We All Have The Same 24 Hours To Get Writing Done, But Those Hours Aren’t Created Equal

Recently, I made the decision to stop working from home. I don’t write there, I don’t produce blog posts there, and I do my best to avoid spending time on the PC answering email or doing writing-based social media. I barely even take notes in my bullet journal, or break out a notebook for planning.

This decision was largely made because I share a one-bedroom apartment with my partner. A very small one-bedroom apartment, split between two people who were used to living alone. And two people who have had their fare share of mental health challenges, with their respective coping mechanisms built around time alone. This had consequences: working from home meant my partner felt bad about taking a day off work when sick or in need of a break, because it meant disrupting my work routine. Working from home also meant there was no clear delineation between me-at-work, and me-at-home, so there was never a sense that I was officially done for the day and shifting my focus to our life together instead of the imaginary people in my head.

The last few weeks have been a remarkable change in our routines. Now, instead of starting the day by making coffee and slumping to my desk (or, more accurately, dragging my laptop to the couch), I get up and catch a . train to uni where I spend 8 hours at my desk in the post-graduate office. I write for a long burst, walk around the central courtyard when I need a break, then sit down and write again.

On the surface, it’s the same writing process I used at home, except for one essential difference: when 3:00 PM hits and I start thinking I’ve maybe done enough for the day, I sit back and the computer and keep working for another two and a half hours.

At home, this would be the time to do groceries. Or fit in a little chores. Things that needed to be done, and therefore were a suitable use of time once I’d achieved a certain number of words for the day. 

And this is the big psychological difference about going to work: stopping at 3:00 PM would feel like I’m skipping out on work early, instead of transitioning to another urgent job.
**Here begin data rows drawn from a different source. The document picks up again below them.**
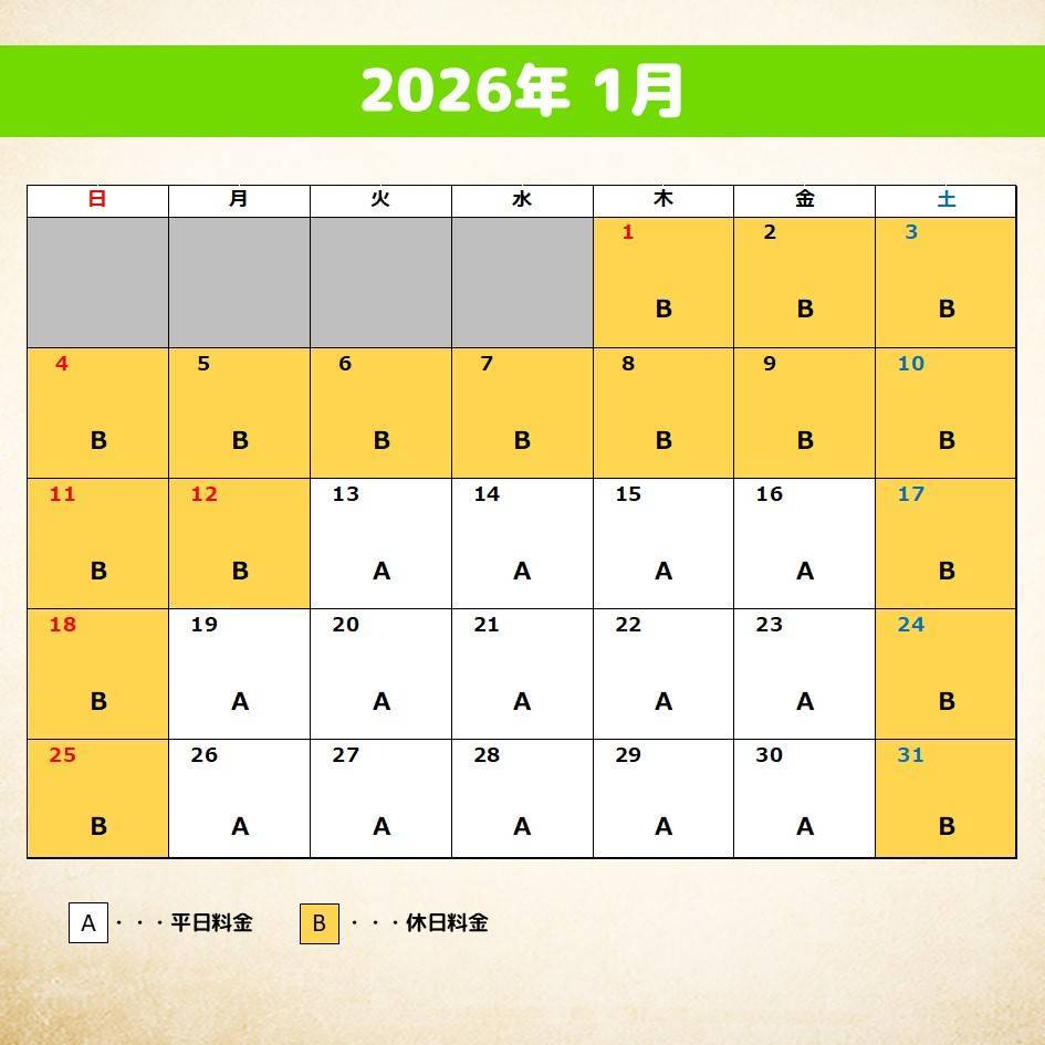 平日でも「土日祝日・ハイシーズン料金」に該当する日がございます。
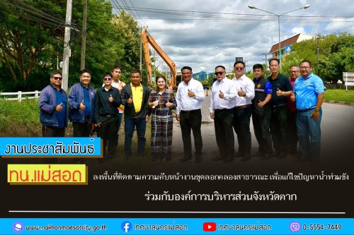 นายกุล เครือวีระ นายกเทศมนตรีนครแม่สอด พร้อมด้วย นายวสุธร บุญมาก และนายจิรวัฒน์ มงคลจุฑาเศรษฐ รองนายกเทศมนตรีนครแม่สอด คณะผู้บริหาร สมาชิกสภาเทศบาล นายประสาน มั่นมาก รองปลัดเทศบาล รักษาราชการแทน ปลัดเทศบาลนครแม่สอด เจ้าหน้าที่กองช่างสุขาภิบาล และเจ้าหน้าที่ที่เกี่ยวข้อง ลงพื้นที่ติดตามความคืบหน้างานขุดลอกคลองสาธารณะ เพื่อแก้ไขปัญหาน้ำท่วมขังในเขตเทศบาลนครแม่สอด โดยได้รับความอนุเคราะห์ จาก นางอัจฉรา ทวีเกื้อกูลกิจ นายกองค์การบริหารส่วนจังหวัดตาก และองค์การบริหารส่วนจังหวัดตาก
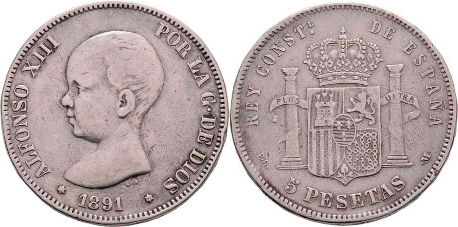 5 Peseta 1891/1891 PG-M, Madrid, KM.689 (Ag900), 24.560g, velké hrany, dr.rysky, patina
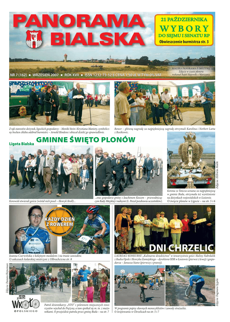 PANORAMA BIALSKA NR 7 (162) G WRZESIEŃ 2007 G ROK XVII G WYB O RY DO SEJMU I SENATU RP Obwieszczenie burmistrza str. 3 ISSN 1232-73-52 8 CENA 1,50 zł, W TYM 0% VAT Z rąk starostów dożynek, ligockich gospodarzy – Moniki Stein i Krystiana Maniety, symboliczny bochen chleba odebrał burmistrz – Arnold Hindera i obiecał dzielić go sprawiedliwie. BIALSKA PANORAMA Z DREZYNĄ. Zdjęcie w czasie pleneru wykonał Rafał Hajewski z Warszawy. Rower – główną nagrodę za najpiękniejszą zagrodę otrzymali Karolina i Norbert Latta z Rostkowic. GMINNE ŚWIĘTO PLONÓW Zdjęcia: Elżbieta Malik Ligota Bialska 21 PAŹDZIERNIKA Korowód otwierali goście (wśród nich poseł – Henryk Kroll)... ...oraz gospodarze gminy z Joachimem Koszem – przewodniczącym Rady Miejskiej i radnymi (L. Peszel pozdrawia uczestników). Korona ze Śmicza uznana za najpiękniejszą w gminie Biała, otrzymała też wyróżnienie na dożynkach wojewódzkich w Łosiowie. O święcie plonów w Ligocie – na str. 5 i 6 KAŻDY DZIEŃ Z ROWEREM DNI CHRZELIC Patrol dziennikarzy „NTO” z peletonem miejscowych rowerzystów wjechał do Prężyny, a tam spotkał się m. in. z mażoretkami. O przejeździe patrolu przez gminę Biała – na str. 7 LAUREACI KONKURSU „Kulinarne dziedzictwo” w towarzystwie gości: Haliny Nabrdalik z Radia Opole i Henryka Zamojskiego – dyrektora ODR w Łosiowie (pierwsi z lewej) i gospodarza – Janusza Siano (pierwszy z prawej). Zdjęcia: Dagmara Syguła Zdjęcia: Danuta Hejneman Joanna Czerwińska z kolejnym medalem i na trasie zawodów. O sukcesach kolarskiej mistrzyni z Olbrachcicna str. 8 W programie popisy sławnych monocyklistów i zawody strażackie. O świętowaniu w Chrzelicach na str. 5 i 7 2 PANORAMA BIALSKA H WRZESIEŃ H 2007 ZŁOTE GODY - czyli 50 – lecie pożycia małżeńskiego świętowali ( Krystyna i Paweł KOCZULOWIE z Pogórza – 4 sierpnia ( Stefania i Stefan ZAŁĘSCY z Prężyny – 4 sierpnia ( Maria i Otto NOWOTNI z Browińca Polskiego – 15 sierpnia Erika i Günther CZELLIKOWIE z Radostyni – 15 września Jubilatom życzymy wielu jeszcze wspólnych lat w zdrowiu i radości ( Wilków – Vlčice PARTNERSKA WIZYTA W zajemne wizyty pomiędzy mieszkańcami – po podpisaniu partnerskiej umowy – stały się już tradycją. Na kolejne, sierpniowe spotkanie grupa mieszkańców Wilkowa pojechała do Vlčic, zaproszona na odpust świętego Bartłomieja. Krystyna Sobota, Rita Przywara i Rozalia Wybraniec, które uczestniczyły w wyjeździe do Czech wspominają jak tam było: - W części bardziej oficjalnej było spotkanie ze starostą i mieszkańcami wsi, również z gościną przy stołach biesiadnych. Najbardziej utkwił nam w pamięci odpustowy program artystyczny, a w nim żonglerka ognistymi kulami i dzidami przygotowana przez miejscowych Romów. Braliśmy udział w zabawie tanecznej na wolnym powietrzu, była też okazja do rozmów z przy- Tegoroczne żniwa rozpoczęły się 23 czerwca i trwały do 20 lipca, przy pięknej słonecznej pogodzie. Były to w ostatnich 20 latach najwcześniej rozpoczęte i przeprowadzone żniwa. Po łagodnej zimie, ciepłej wiośnie i słonecznym lipcu zbiory tegoroczne są rekordowe. W rejonie Białej tj. sołectw Prężyna, Józefów, Olbrachcice, Solec, Browiniec Polski, Gostomia, Rostkowice, Wilków i Krobusz plony pszenicy oscylowały w granicy 80 dt /ha, w okolicy Łączni- ka, gdzie wskaźnik bonitacji jest niższy i wynosi około 0,7 plony pszenicy były na poziomie 50 dt/ha. Podobnie przedstawiały się plony jęczmienia. Rewela- poprzednim wydaniu „Panoramy”, w relacji z sesji Rady Miejskiej wymieniając wszystkie wsie w gminie Biała, które przystąpiły do realizacji programu „Odnowa wsi” przez przeoczenie pominięte zostały Rostkowice. „A przecież Rostkowice były jedne z pierwszych” – jak powiedział sołtys – Alfred Krupa. I to prawda. W roku 1997, kiedy program „Odnowy wsi” był wprowadzany w gminie, do jego realizacji jako pierwszy zgłosił się Łącznik, a zaraz po nim Rostkowice i Gostomia, potem Prężyna i aktualnie jest już 10 wsi. Przez te lata w Rostkowicach zrobiono dużo i nie raz o tym pisaliśmy, ale chcąc znowu napisać o aktualnościach, „trzeba przyjechać i zobaczyć”. Tak twierdzi sołtys i ma rację. Tak też pewnie w jakiejś perspektywie czasowej się stanie. Na już – przepraszamy mieszkańców Rostkowic za niedopatrzenie. Redakcja PANORAMA BIALSKA Wydawca: Miejsko – Gminny Ośrodek Kultury Sportu Turystyki i Rekreacji 48 – 210 Biała, ul. Prudnicka 35 tel. / fax: / 77/ 43 87 026 e-mail: [email protected] [email protected] Redaktor naczelny: Rafał Magosz Opracowanie: Danuta Hejneman Marek Karp Druk: Drukarnia „Sady” Osiedle Sady 2 47 – 303 Krapkowice Redakcja zastrzega sobie prawo skracania nadsyłanych materiałów oraz nie odpowiada za treść ogłoszeń i reklam. (em – m) „świńską górkę”, gdyż rolnik po skalkulowaniu przychodów i rozchodów będzie wolał sprzedać zboże niż hodować trzodę chlewną, co z kolei spowoduje wzrost cen skupu trzody chlewnej. Wysokie plony przewidywane są też w uprawie ziemniaków i buraka cukrowego. Tegoroczne zbiory (te dotychczasowe i te szacowane), pozwalają stwierdzić, że jest to rok bardzo korzystny dla bialskich rolników. Oby takich lat jak najwięcej. (D.H.) ROK DOBRYCH PLONÓW cyjnie plonował rzepak. W niektórych rejonach gminy do 40 dt/ha. Rekordowe o tej porze roku są także ceny płacone przez skupujących pszenicę. Dochodzą do 800,00 zł /t. Wysokie ceny skupu zbóż zapewne zlikwidują „Odnowa wsi” Dekanalny Dzień Chorych w Białej w Rostkowicach W jaciółmi m. in. z Wandą i Karolem, którzy do dzisiaj wspominają wizytę w Wilkowie, jako „coś fantastycznego”. Pełni wrażeń i w bardzo wesołych nastrojach wróciliśmy późnym wieczorem do Polski. Niektórzy obserwatorzy polsko – czeskich kontaktów w gminie nawet z zazdrością patrzą na podejmowane w Wi

The line between writing-work and domestic work is cleanly underscored by shutting down the PC and commuting home.

It kinda feels like I’ve found two extra hours every day, enough to generate between 800 and 1000 extra words based upon my project tracking over the last few weeks. Part of me wonders why I didn’t do this years ago.

The answer, of course, is none of this was an option. Even when I worked part-time, with dedicated writing days, I didn’t have access to resources like a dedicated desk and scholarship income that made it feasible. Nor would it be possible if I were fretting more about money, watching my budget scrupulously and looking for places to cut.
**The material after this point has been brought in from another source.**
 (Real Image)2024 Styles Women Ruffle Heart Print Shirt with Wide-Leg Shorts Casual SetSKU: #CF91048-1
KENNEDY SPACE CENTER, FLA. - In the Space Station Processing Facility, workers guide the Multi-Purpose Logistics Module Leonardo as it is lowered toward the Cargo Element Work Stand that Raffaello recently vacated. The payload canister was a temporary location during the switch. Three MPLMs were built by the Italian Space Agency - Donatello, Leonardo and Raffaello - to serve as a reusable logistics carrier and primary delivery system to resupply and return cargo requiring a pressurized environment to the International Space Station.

I am in a magical place where time and resources allow me to make certain choices, and that’s resulting in a kind of focus and productivity I haven’t managed in years. It’s largely the result of spending some quality time reading about various writers process, and in particular articles like this one about Nora Robert’s productivity

Which brings us to something that often comes up when we talk about writing and time.

WE ALL HAVE THE SAME TWENTY-FOUR HOURS

So there’s this thing that writers tend to say whenever they talking to new writers about getting things finished: you won’t find the time to write, you have to make it. We all have the same twenty-four hours.

The intentions here aren’t necessarily bad. I know this because I’ve said it myself, when talking to new writers. It’s an attempt to shock people into putting their focus on the act of writing, a reminder that writing is work instead of some mythical experience where muses pour art into your head and everything comes out perfect.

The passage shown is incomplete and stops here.